I am implementing a few algorithms and data structures that internally hash their keys.
The requirement I have is that equal values (according to Eq) hash the same way, and unequal values hash in different ways. In other words, equal values feed the same serialized stream to a Hasher, and different unequal values feed different streams to a Hasher. This doesn't mean that they necessarily produce different hash values, just that they give Hasher a chance to produce different values.
I am also implementing a Hasher that is specialized to my data structures. My data structures will detect hash collisions and deal with them.
However, if there were a situation that Hash feeds the same stream for unequal keys, then that would cause my data structure to go into an infinite loop trying forever to deal with it and not being successful. Or, I could add extra checks so that it will panic in that scenario.
So Hash is almost the trait that I can use.
However, the documentation of Hash says that equal values "must" produce the same streams, but for unequal values it only says that they "should" produce different streams, so it's not a strict requirement.
So what would you recommend:
Define a different trait (UniqueHash or something) that has that stricter requirement? The downside is that I can't reuse existing implementations of Hash. And in practice for almost all types, the implementation of UniqueHash would be identical to the implementation of Hash.
Make UniqueHash a marker trait that derives from Hash? Users would have to explicitly opt in their key types.
Use Hash and just document that if it doesn't have the uniqueness property then my data structure will hang forever or panic?
Right. That was my preference too. My slight worry is that technically std doesn't document that Hash actually has this property for primitive types and standard strings and collection types. But I think it does in reality.
I guess one thing you could do is add tests which make sure (for example) hashing a &str will receive the same sequence as bytes as hashing the &[u8] you get from std::as_bytes() (or to_ne_bytes() for integers, or whatever).
As long as those sorts of tests pass, your UniqueHash implementation is valid.
The marker trait approach is certainly workable, although it's only slightly better than merely documenting the additional requirement.
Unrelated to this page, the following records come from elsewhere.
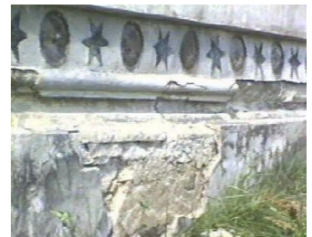
Figure 5. Socle degradation

rations. The roof of the nave is in the form of a wooden frame that follows the shape of the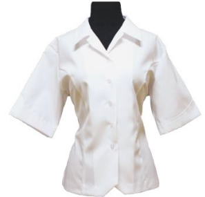
Women's White USMC Style Short Sleeve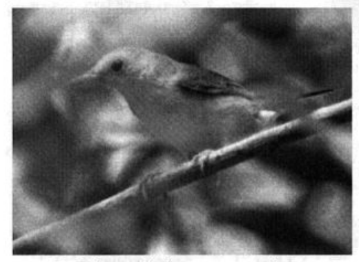
This Prothonotary Warbler, along with two others, in mangroves at El Jicarito in the Lagunas Invierno, just south of Choluteca, provided the first records for the Pacific Slope of Honduras.

fledged on 7 Nov at Cerro El Pital, Chalate-nango (ph. EnC, fide AM) represented a rare breeding record for El Salvador. Fledging has been previously reported in Jan from the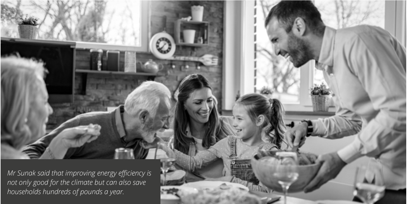
Mr Sunak said that improving energy efficiency is not only good for the climate but can also save households hundreds of pounds a year.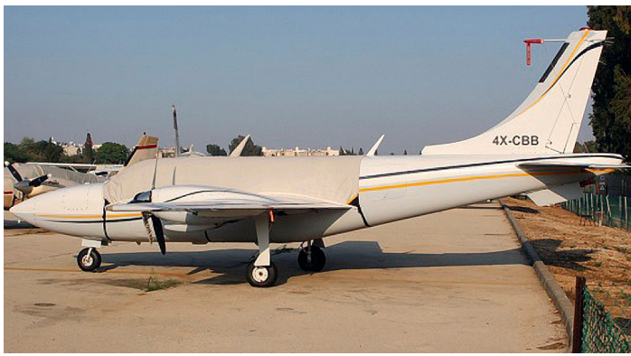
Piper Aerostar Canopy Cover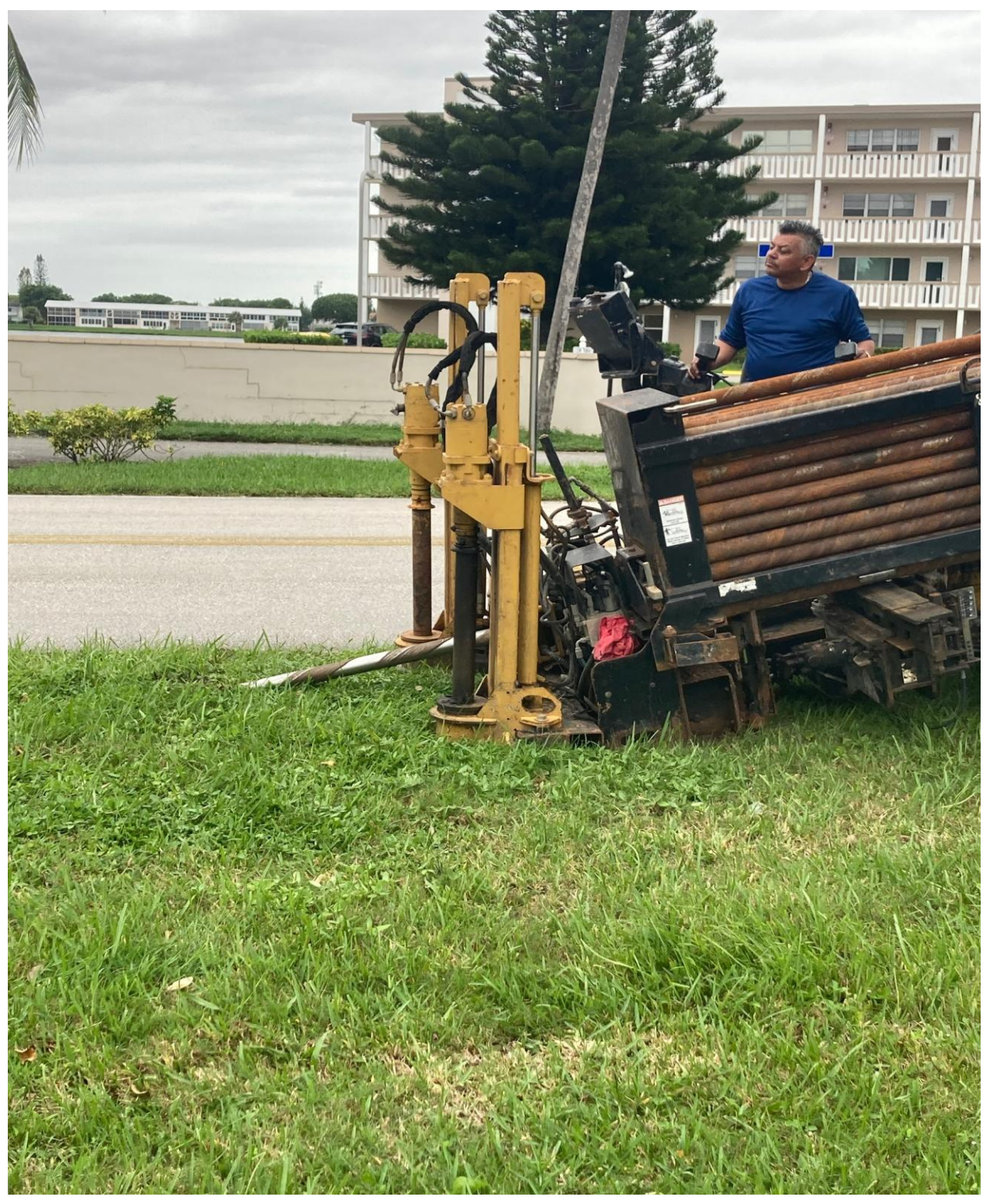
WEST DRIVE, GOLFS EDGE- PELLICO ENGINEERING USED UNDERGROUND BORING EQUIPMENT TO INSTALL NEW IRRIGATION LINES. THIS METHOD REDUCES DAMAGE TO LAWNS, PAVEMENTS, AND OTHER UNDERGROUND UTILITIES.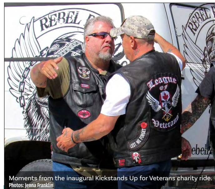
Moments from the inaugural Kickstands Up for Veterans charity ride.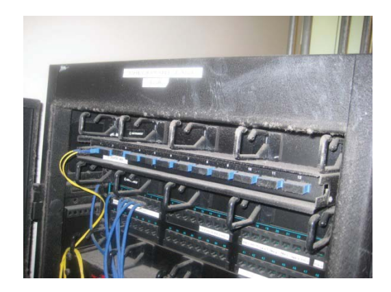
Figure 6- Dust covered Sensitive Equipment

Items being stored in the room were an obstruction and preventing access to the TSA IT equipment cabinets. A lack of housekeeping and maintenance caused a buildup of dust on TSA IT hardware stored within cabinets as shown in figure 6.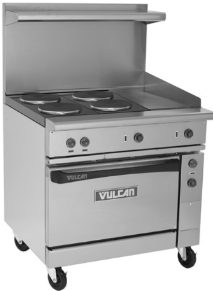
Model EV36-S-4FP-12G-208 shown with optional casters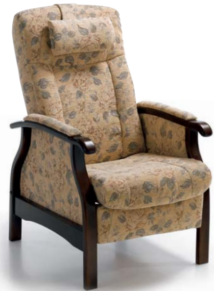
JULIET recliner Push and motorised recliner A simple 3 position, push back system to recline. Can be motorised with a single motor to stop and start the reclining action. The understandable handset controller is very user friendly. A- 67 B-111 C- 52 D- 46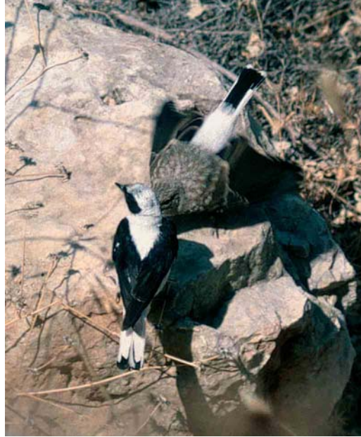
75 Eastern Black-eared Wheatears / Oostelijke Blonde Tapuiten Oenanthe melanoleuca , adult male (lower left) and juvenile, Crete, Greece, July 1984 (René Pop). Typical bird with obvious grey suffusion to crown and nape, and all-white triangular, rather narrow mantle, giving bi-coloured character to upperparts. By July, adult melanoleuca males rarely display any obvious ochre. Moulting has started and the middle, black, rectrices are missing.

males point towards melanoleuca , while bright, deep ochre upperparts point towards hispanica . In spring, whitish crown and nape with pale brownish/greyish tinge and only a slight ochre/orange touch on the mantle, as well as whitish breast and belly indicate melanoleuca , while deep ochre, uniform upperparts indicate hispanica . The most reliable of these plumages is the typical autumn melanoleuca plumage. The others are not conclusive and will need supportive characters for identification. Melanoleuca has more black on the scapulars, leaving a narrower pale mantle section than on hispanica – a good additional field mark for typical birds, mainly in spring. There is more black on the head in melanoleuca than in hispanica , thus covering a larger area of the lores, the forehead, the ear-coverts and – in black-throated males – the throat. This is the most reliable single field character in autumn as well as spring, and safe identification normally requires trustworthy assessment of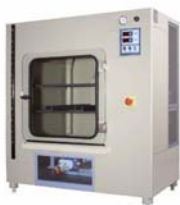
Corrosionbox 400 I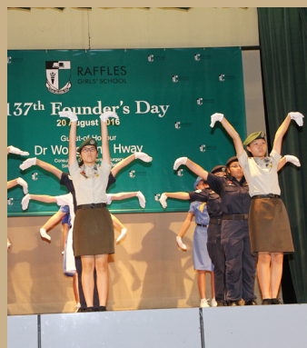
The five RGS Uniformed Groups - Girl Guides, Girls' Brigade, National Cadet Corps, National Police Cadet Corps and Red Cross Youth - wowed the audience with a spectacular display of fancy drills as they marched to the beats of popular songs.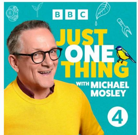
Listen to Just One Thing: Nordic Walking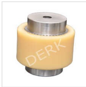
Nylon Gear Coupling

However, I think it might be worth taking a step back. It seems to me like you aren't really worried about the hashes colliding, but about the equality of the values themselves. My question is: why are you trying to constrain the sequence fed to the hasher and then effectively recover the identity of the value from it? If different values are required to produce different sequences, then there is a bijection between values and hash sequences, i.e. you don't gain anything over inspecting the value itself. Given that you also have access to the value, couldn't you simply compare the values themselves in case of a collision?
Hmm, it seems like I don't understand the problem yet. Why would you need to compare a value to all other values using linear search, i.e. how would my proposal change the implementation?
I unfortunately don't see how perfect hashing compares to your requirements. AFAIK "perfect" hashing refers to the fact that a suitably chosen hash over a known, small domain can be constructed in a way that it's guaranteed collision-free yet it compresses significantly. I'm not familiar with how that can be achieved by two different, random hashers – after all, it's concievable (although of quadratically low probability) that some key(s) will produce hash collisions with both.
Right. But what I'm still missing is how do you profit from being aware of the unicity of the hashing sequence in this case? If you have to compare the sequences, it seems to me it doesn't matter that there is only ever one of instance of a dumb/malicious key that produces an empty sequence; you still have to compare each of them in order to find the sequence that matches whatever happens to be produced by the key, whether it's empty or not, whether it's unique or not.
No. Wikipedia explains how to deal with collisions. If the Wikipedia explanation doesn't work for you, you can read their paper that is linked there. It's a widely cited algorithm too.
If Hash is unique, then that scenario in not possible -- you can't have a million keys that all feed the same thing to the Hasher. So you only have to compare at most one using Eq, not a million.
In general, the idea is that if the hash function doesn't work well, you select a different instance of a Hasher, until one works well. For UniqueHash you're guaranteed that you'll soon find one that works well. Otherwise, you will never find one.
But that was just an example. There are other data structures that benefit from having unique hashes. There is universal hashing (with its own guarantees), there is dynamic perfect hashing, etc. All of these require UniqueHash to work as advertised.